**Task goal**
Give back each line of the data exactly as it reads, minus the pictures.

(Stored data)
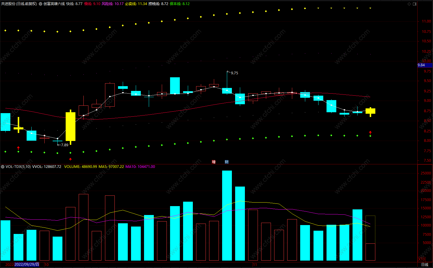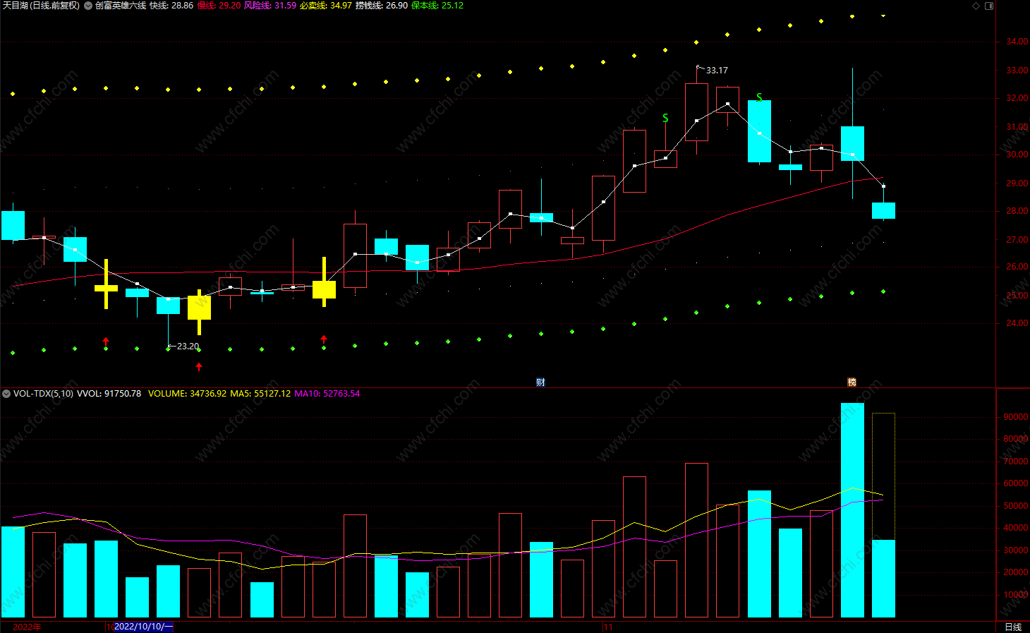 创富英雄六线 通达信短线趋势箭头指标公式 主图 源码
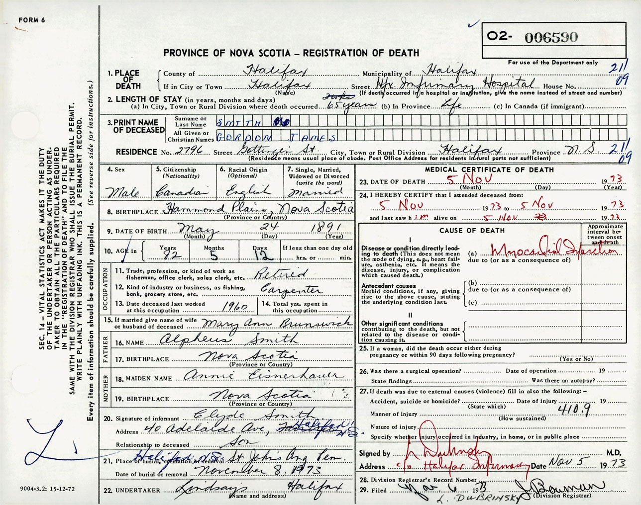 Male Death Registration: Year: 1973 number: 6590
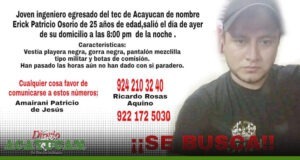 Desde el martes salió de su casa y no ha vuelto, no responde las llamadas ni los mensajes Carlos GONZÁLEZ ALONSO Acayucan, Ver.- Familiares reportan la desaparición de un joven ingeniero egresado del Tecnológico de Acayucan pues no responde las …
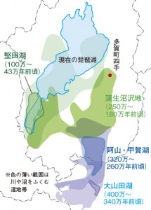 右に示した図は、かつての琵琶湖の範囲を時代順に描いたものです。だいたい400万年ぐらい前には、現在の三重県にあたる場所に大山田湖がありました。それが阿山・甲賀湖、蒲生沼沢地、堅田湖という順で、だんだん北に移動してきたとされています。
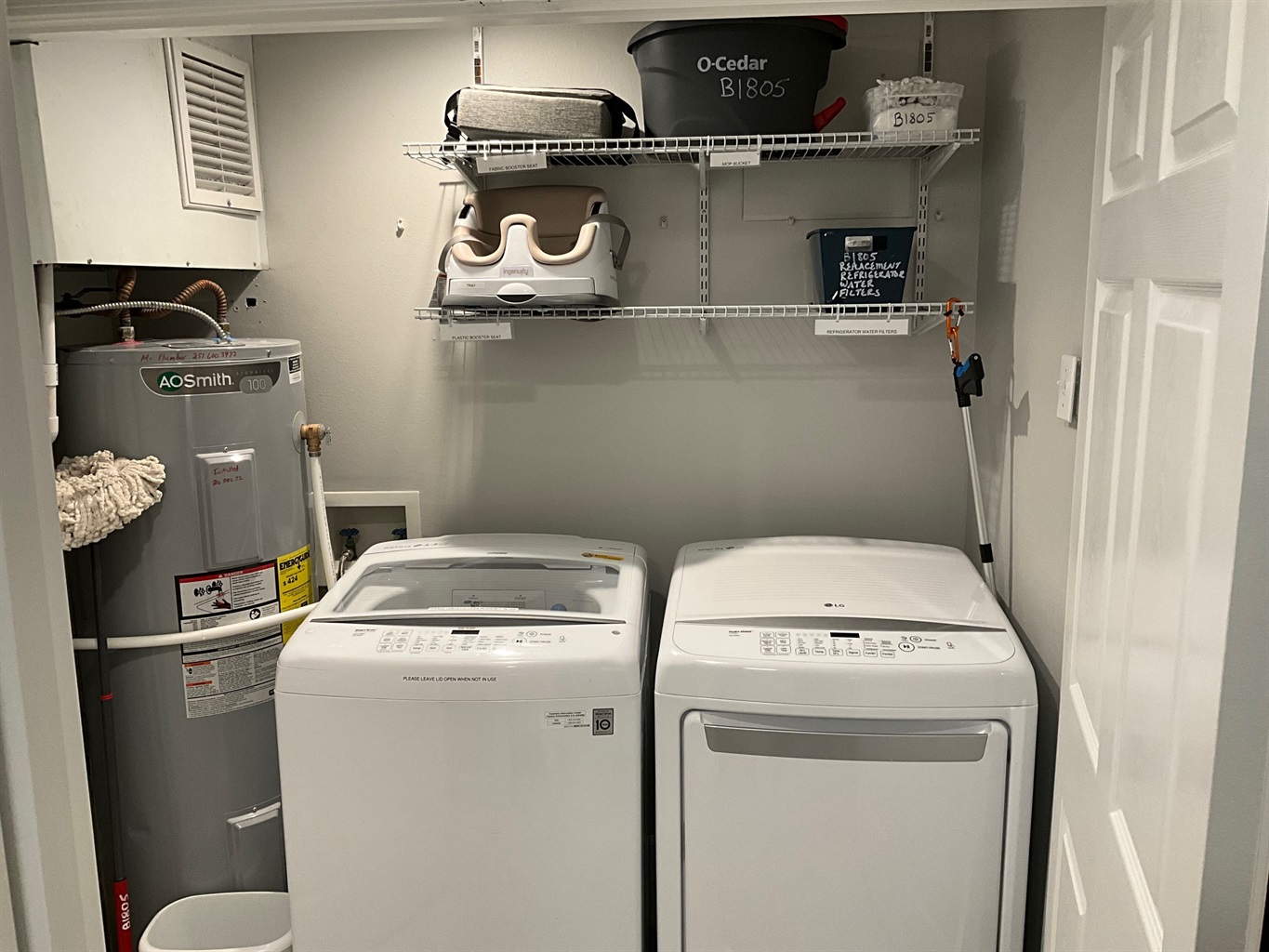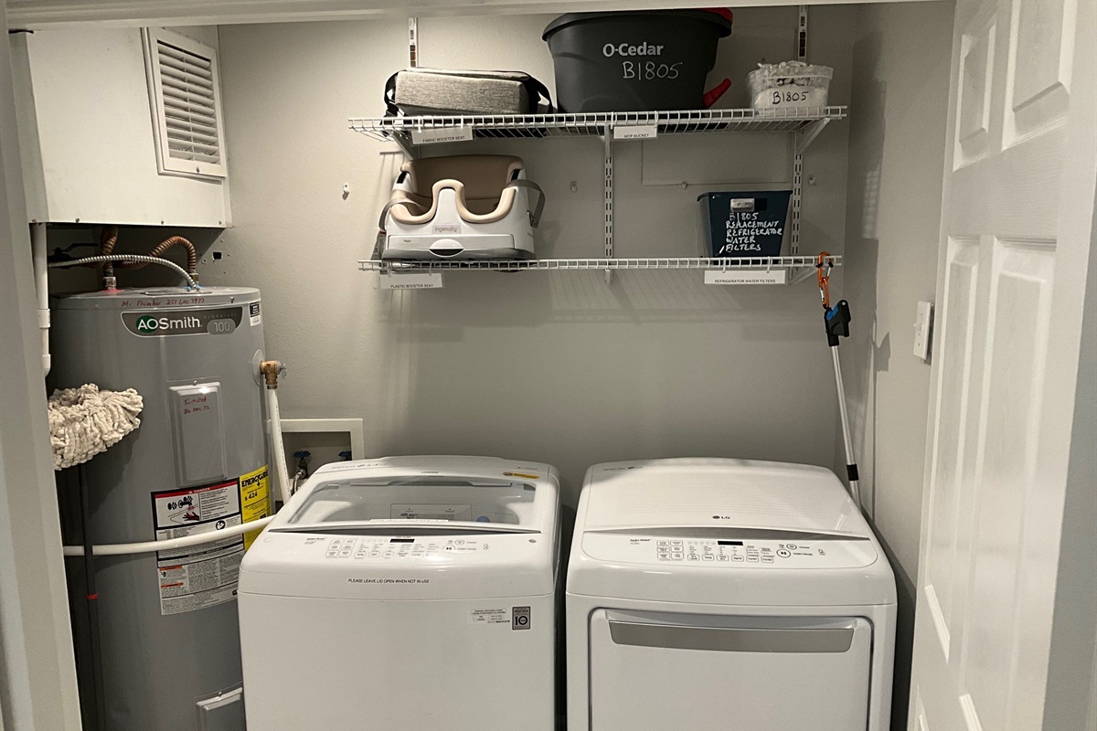 As an added "Bonus", the owner supplies salt & pepper shakers, coffee filters, garbage bags, dishwashing liquid and pods, jet dry, clothes washing pods, dryer sheets, We provide a "One Day Supply" of toiletries/detergents/disposables for the kitchen & bathrooms.

**Written response**
 创富英雄六线 通达信短线趋势箭头指标公式 主图 源码
 Male Death Registration: Year: 1973 number: 6590
 Desde el martes salió de su casa y no ha vuelto, no responde las llamadas ni los mensajes Carlos GONZÁLEZ ALONSO Acayucan, Ver.- Familiares reportan la desaparición de un joven ingeniero egresado del Tecnológico de Acayucan pues no responde las …
 右に示した図は、かつての琵琶湖の範囲を時代順に描いたものです。だいたい400万年ぐらい前には、現在の三重県にあたる場所に大山田湖がありました。それが阿山・甲賀湖、蒲生沼沢地、堅田湖という順で、だんだん北に移動してきたとされています。
 As an added "Bonus", the owner supplies salt & pepper shakers, coffee filters, garbage bags, dishwashing liquid and pods, jet dry, clothes washing pods, dryer sheets, We provide a "One Day Supply" of toiletries/detergents/disposables for the kitchen & bathrooms.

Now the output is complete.